== DATASET EXCERPTS ==

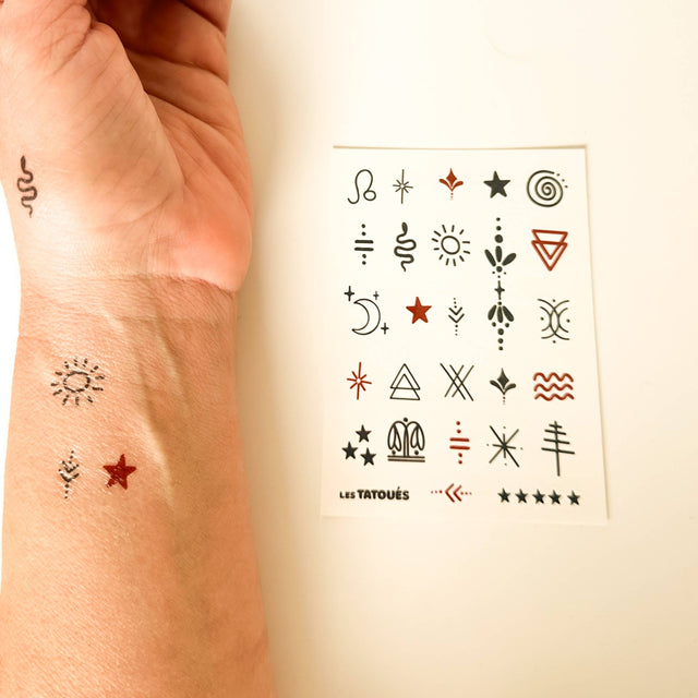 Small tattoos, very discreet, very cute, to put on the fingers, in the shot, like a jewel. Includes one sheet of the cutest temporary tattoos.
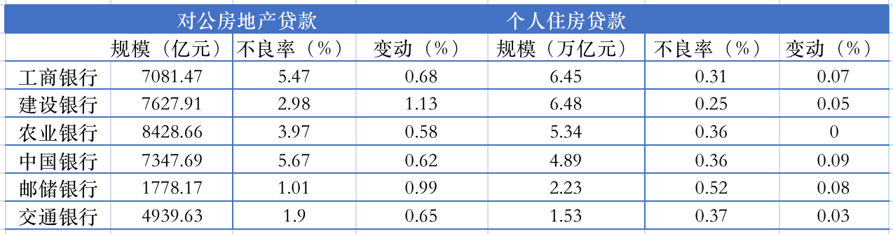 个人住房贷款方面,不良率虽然绝对值较低,但除农行没有变化外,其他五家银行的个人住房贷款不良率与去年末相比集体抬升。
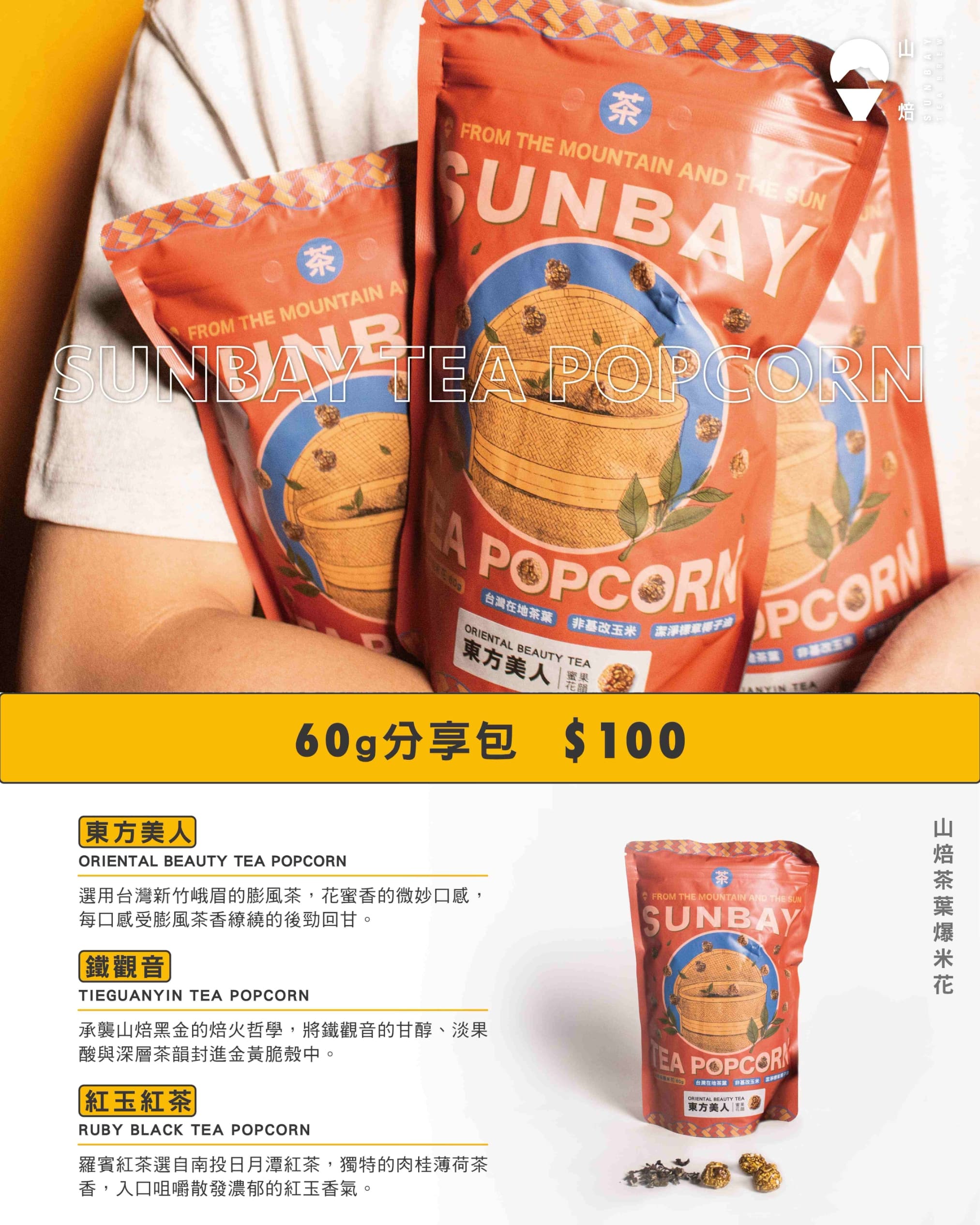 鐵觀音爆米花,承襲山焙黑金的焙火哲學,將鐵觀音的甘醇、淡果酸與深層茶韻,封進金黃脆殼中。
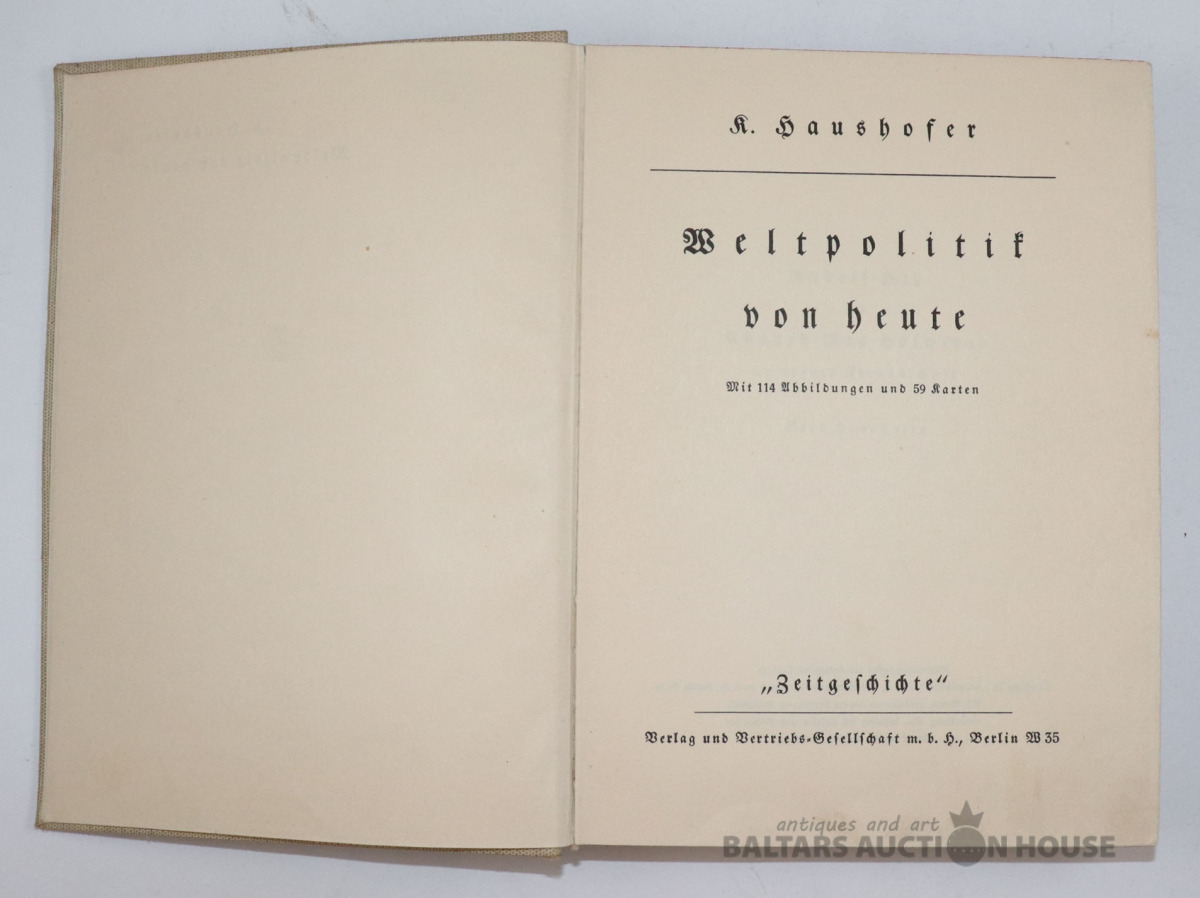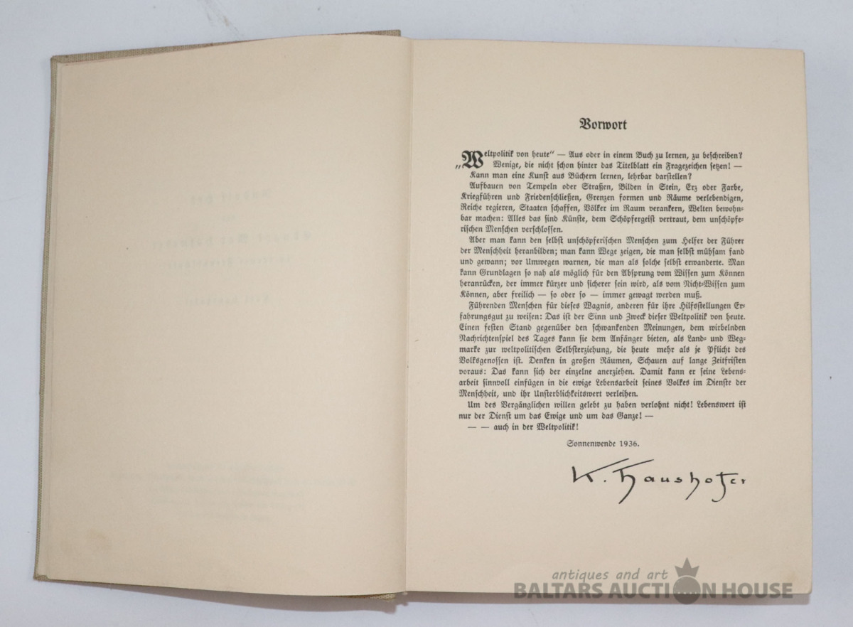 Karl Haushofer WELTPOLITIK VON HEUTE, 1936.
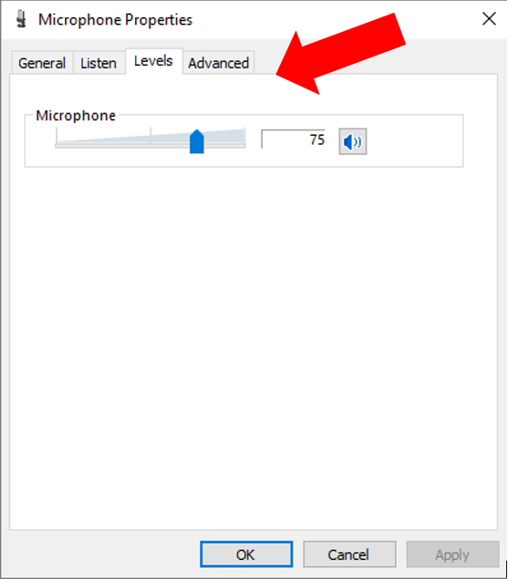 - In the "Microphone Properties" pop-up, select the levels tab. Adjust the mic volume and click "Apply"
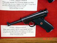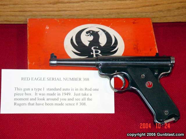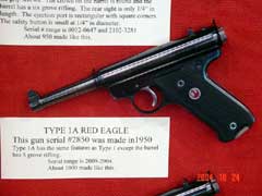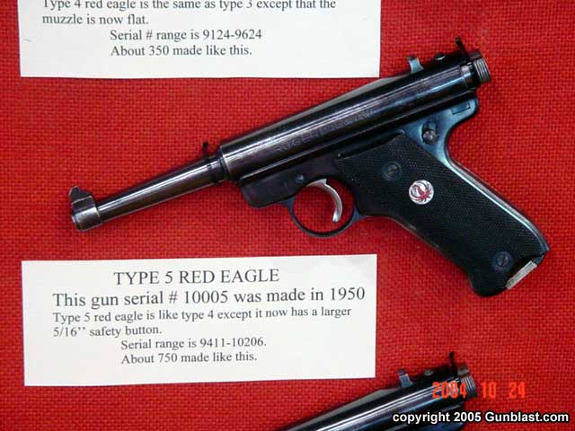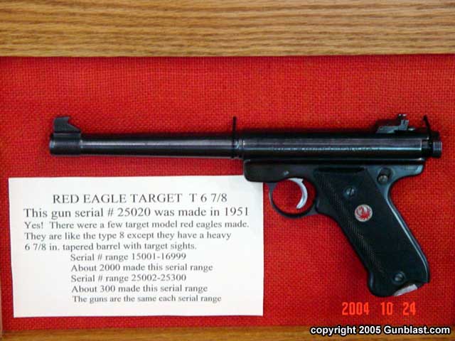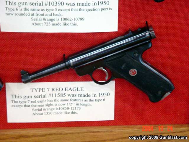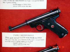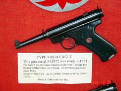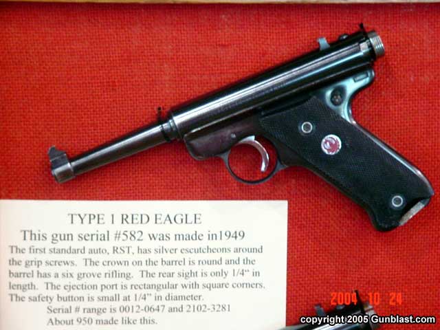 RUGER 1949 – 1951 RED EAGLE AUTOS, by Bob Belknap3RD PLACE RCA ADVANCED (TIE)Bob’s great display had all ten types of the Red Eagle pistols. Also displayed was the extremely rare #10000 Chrome plated Red Eagle, a pre-production gun, a model that was never produced, and # 25020 Target Red Eagle. Each Type, the Type 1, 1A, 2 – 9 all have a change or changes that make it a different variation. Several of these variations are very hard to find and downright rare…especially in the minty condition of the guns displayed. (click pictures for a larger version) Page 4Page 1Page 2Page 3Page 5Page 6Got something to say about this article? Want to agree (or disagree) with it? Click the following link to go to the GUNBlast Feedback Page. |

===

Once you find the line that contains "个人住房贷款方面,不良率虽然", reproduce it and every line after it through the end of the entries above, exactly as written, with no pictures.

• FINISHED EXERCISE:
 个人住房贷款方面,不良率虽然绝对值较低,但除农行没有变化外,其他五家银行的个人住房贷款不良率与去年末相比集体抬升。
 鐵觀音爆米花,承襲山焙黑金的焙火哲學,將鐵觀音的甘醇、淡果酸與深層茶韻,封進金黃脆殼中。
 Karl Haushofer WELTPOLITIK VON HEUTE, 1936.
 - In the "Microphone Properties" pop-up, select the levels tab. Adjust the mic volume and click "Apply"
 RUGER 1949 – 1951 RED EAGLE AUTOS, by Bob Belknap3RD PLACE RCA ADVANCED (TIE)Bob’s great display had all ten types of the Red Eagle pistols. Also displayed was the extremely rare #10000 Chrome plated Red Eagle, a pre-production gun, a model that was never produced, and # 25020 Target Red Eagle. Each Type, the Type 1, 1A, 2 – 9 all have a change or changes that make it a different variation. Several of these variations are very hard to find and downright rare…especially in the minty condition of the guns displayed. (click pictures for a larger version) Page 4Page 1Page 2Page 3Page 5Page 6Got something to say about this article? Want to agree (or disagree) with it? Click the following link to go to the GUNBlast Feedback Page. |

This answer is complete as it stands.